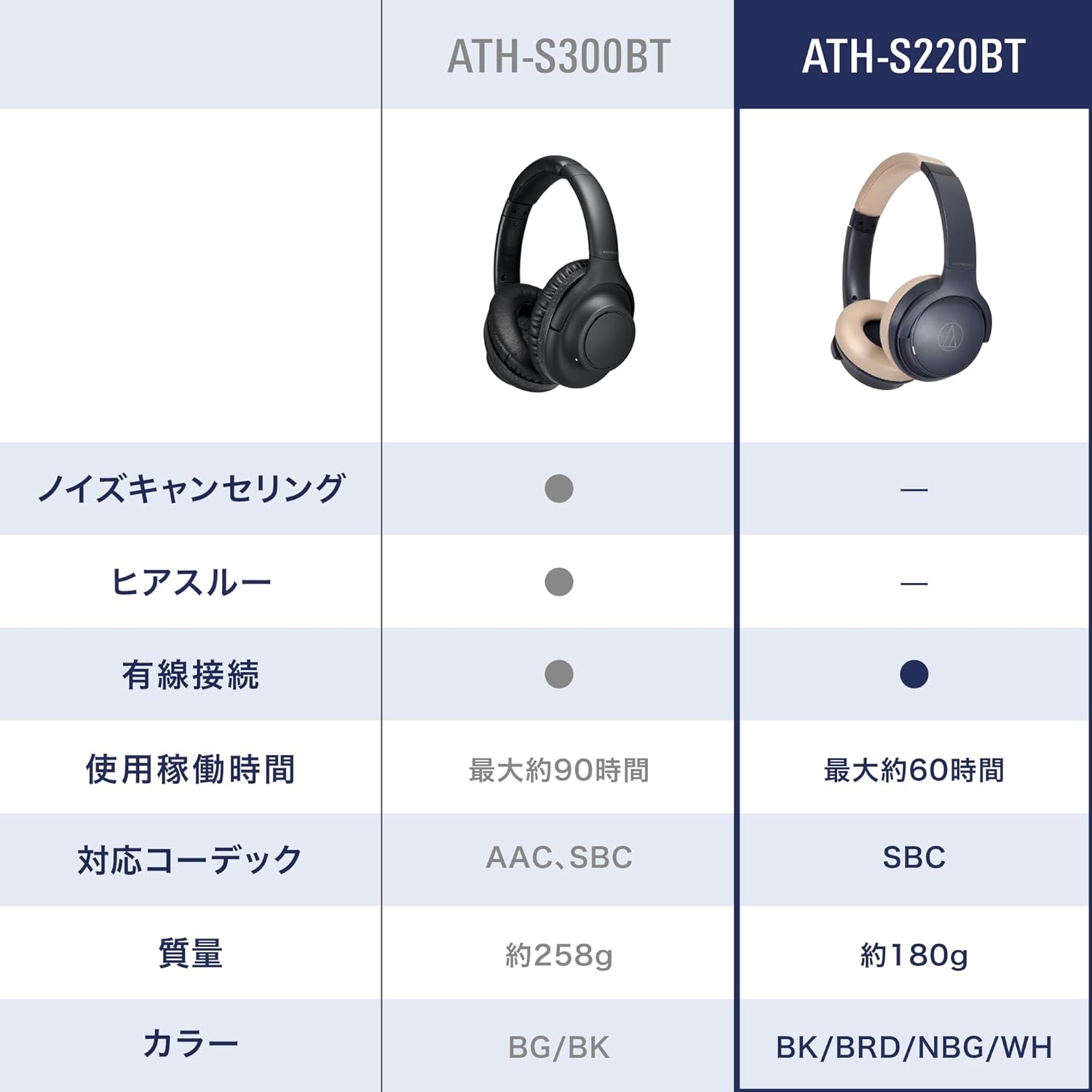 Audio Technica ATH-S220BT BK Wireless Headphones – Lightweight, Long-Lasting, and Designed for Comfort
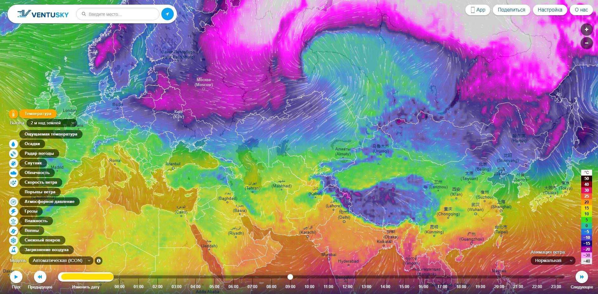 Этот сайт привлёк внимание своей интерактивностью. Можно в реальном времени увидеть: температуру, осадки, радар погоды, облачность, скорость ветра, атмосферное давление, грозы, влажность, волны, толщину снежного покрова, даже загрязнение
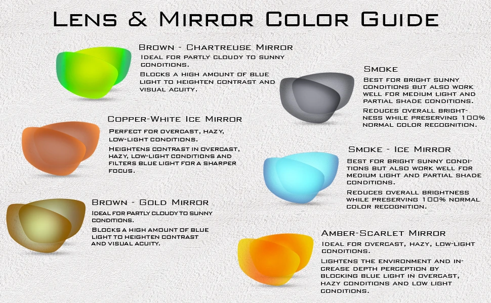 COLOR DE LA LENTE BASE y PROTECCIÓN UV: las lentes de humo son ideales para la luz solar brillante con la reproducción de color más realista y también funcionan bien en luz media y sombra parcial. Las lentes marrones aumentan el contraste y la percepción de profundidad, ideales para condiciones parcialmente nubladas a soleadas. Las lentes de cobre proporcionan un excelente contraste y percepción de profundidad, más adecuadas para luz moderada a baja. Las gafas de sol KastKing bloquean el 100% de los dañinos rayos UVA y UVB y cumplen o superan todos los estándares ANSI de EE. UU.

—————

--- About this task ---
Wherever a picture appears, omit it; copy the rest of the data exactly.

--- Exercise answer ---
 Audio Technica ATH-S220BT BK Wireless Headphones – Lightweight, Long-Lasting, and Designed for Comfort
 Этот сайт привлёк внимание своей интерактивностью. Можно в реальном времени увидеть: температуру, осадки, радар погоды, облачность, скорость ветра, атмосферное давление, грозы, влажность, волны, толщину снежного покрова, даже загрязнение
 COLOR DE LA LENTE BASE y PROTECCIÓN UV: las lentes de humo son ideales para la luz solar brillante con la reproducción de color más realista y también funcionan bien en luz media y sombra parcial. Las lentes marrones aumentan el contraste y la percepción de profundidad, ideales para condiciones parcialmente nubladas a soleadas. Las lentes de cobre proporcionan un excelente contraste y percepción de profundidad, más adecuadas para luz moderada a baja. Las gafas de sol KastKing bloquean el 100% de los dañinos rayos UVA y UVB y cumplen o superan todos los estándares ANSI de EE. UU.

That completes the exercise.